Nisan yağmurlarında sırılsıklam
Pencereden mevsimler döndükçe seyrettiğim bahçe. Her dem ılık koyun gibi, sinesinde daima fazladan yer bırakıyor kendi nuruna kavuşmak isteyenlere. Hz. Peygamber'in (sav) miracı gerçekleştikten sonra hayata...

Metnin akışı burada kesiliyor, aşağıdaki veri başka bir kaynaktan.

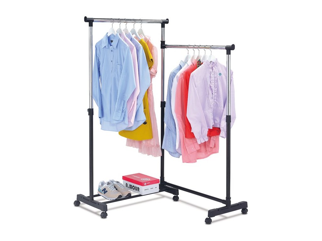 Stojan na šaty s odkladacím priestorom v čiernom prevedení kombinuje pevnú kovovú konštrukciu s chrómovanými prvkami a plastovými doplnkami pre jednoduchú manipuláciu. Výšku je možné nastaviť podľa potreby, čo umožňuje flexibilné usporiadanie odevov rôznych dĺžok. Otočný mechanizmus 360° zabezpečuje pohodlný prístup ku všetkým zaveseným kúskom, zatiaľ čo spodný odkladací priestor ponúka miesto na uloženie topánok alebo krabíc. Stabilná podstava na kolieskach umožňuje jednoduché presunutie stojana bez námahy. Vďaka kombinácii materiálov je stojan navrhnutý pre dlhú životnosť a jednoduchú údržbu.

Pencereden mevsimler döndükçe seyrettiğim bahçe. Her dem ılık koyun gibi, sinesinde daima fazladan yer bırakıyor kendi nuruna kavuşmak isteyenlere. Hz. Peygamber'in (sav) miracı gerçekleştikten sonra hayata döndüğündeki “yatağı henüz ılıktı” denilen kıvamı tutturan Yunus: “Belalardan çiçekler toplayıp sadrında bal etmiş / Ölüp ölmezden evvel nefsine kanın helal etmiş.” Diyor.
Şimdi hepimiz bahçedeyiz. O nefesin içinde kimimiz gübre, kimimiz tohum, kök, gövde, kimimiz meyve. Anın içinde farklı zamanı olanlar beraber hışırdıyor, beraber külleniyor bahçede.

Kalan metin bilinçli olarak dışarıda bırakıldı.